Green tea catechins increase gene expression of certain enzymes, the study shows

Green tea has long been of interest to researchers given studies that have shown populations in which it is often consumed, such as the Chinese and Japanese, generally have lower rates of cancer. To find out if green tea can protect against cancer, the NCI has sponsored a number of rigorous scientific studies testing capsules of the extract, Polyphenon E, that have been prepared in Japan to meet exact specifications. These pills contain epigallocatechin gallate (EGCG), a catechin known for its potent antioxidant activity, and are currently being tested against a variety of cancers in clinical trials.

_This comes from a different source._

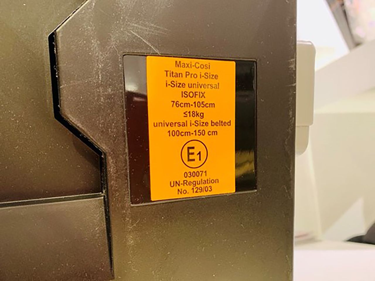 こちらが現行安全基準R129のEマーク。適応身長などが記載されている。

This study was designed to see if green tea catechin concentrate had any effect on the levels of GST enzymes in healthy individuals − research that could explain the tea’s anti-cancer properties. Healthy volunteers were asked to abstain from consuming any tea or tea-related products for four weeks.

At the end of this “washout period,” blood was drawn and baseline GST enzyme levels were determined for each participant

Then, the volunteers were asked to take four Polyphenon E capsules, for a total of 800 milligrams of EGCG, each morning on an empty stomach for four weeks and to abstain from drinking tea or eating many cruciferous vegetables, which contain other beneficial chemicals. Another blood sample was taken after four weeks, and GST activity was determined.

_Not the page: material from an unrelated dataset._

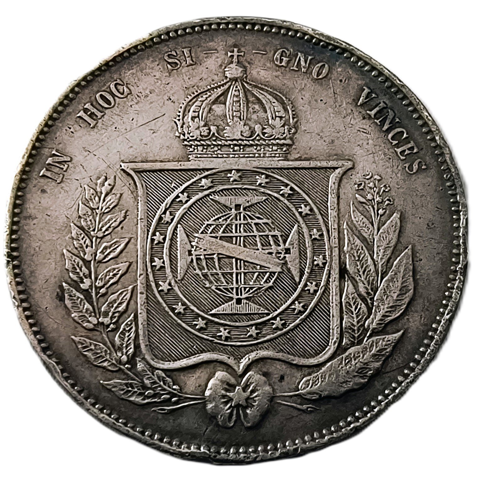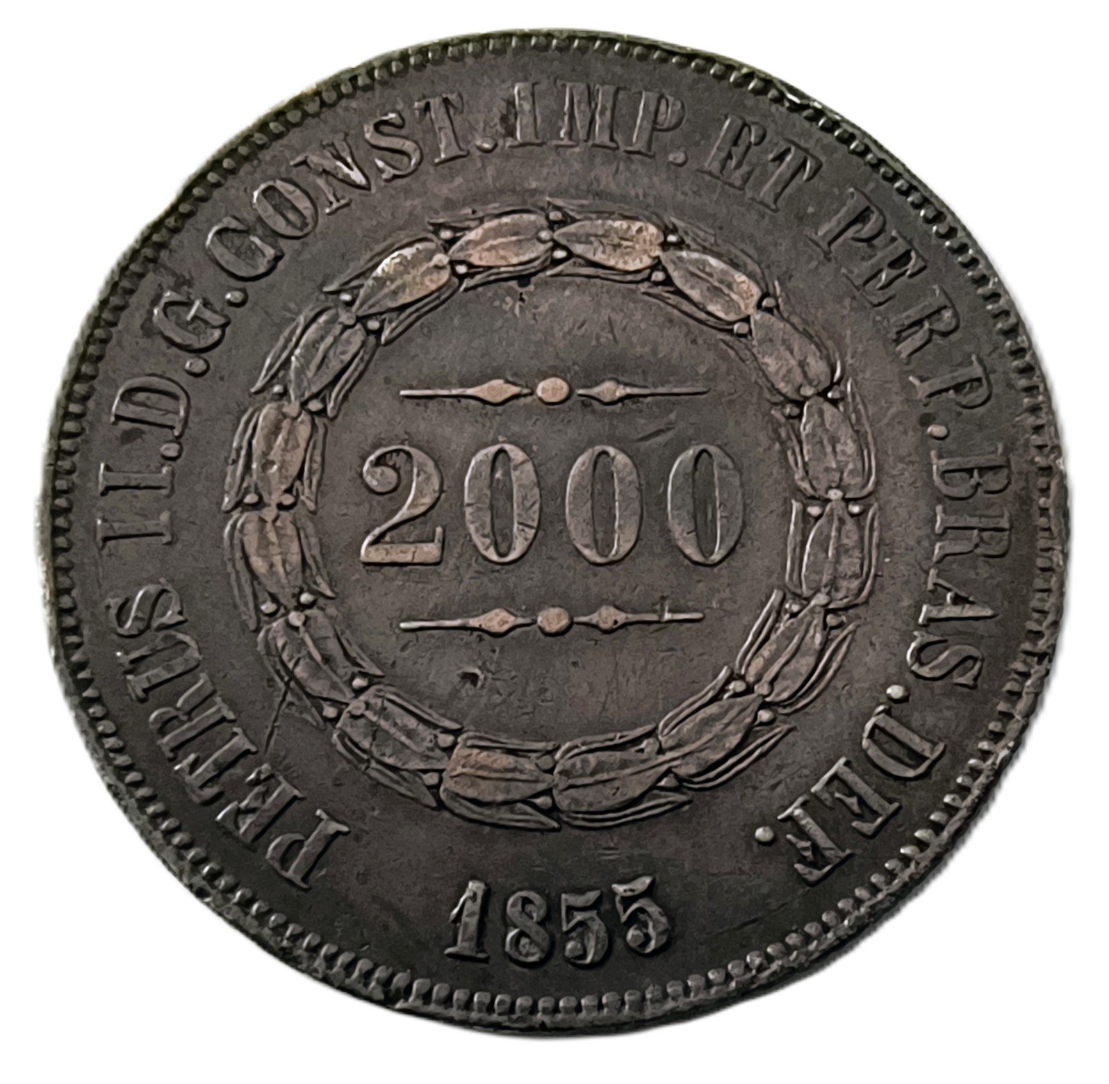 Moneda de 2000 Reis 1855 de Brasil, acuñada en plata 0,917, con un peso de 25,42 g. Estado de conservación MBC.

Researchers found that use of Polyphenon E enhanced GST activity when data from all participants were included for analysis. But it had its most significant effect in volunteers whose baseline blood measurements showed low GST activity − an 80 percent increase compared to baseline GST activity. Activity did not change in volunteers with medium GST expression, or in those with the highest levels, GST seemed to decrease slightly although researchers believe that decline was due to random variation.

“This is the first clinical study to show proof that chemicals in green tea can increase detoxification enzymes in humans,” Chow said in the news release. “There may be other mechanism in play by which green tea may protect against cancer development, but this is a good place to start.” The NCI supported the study and researchers from NCI also participated in conducting the study.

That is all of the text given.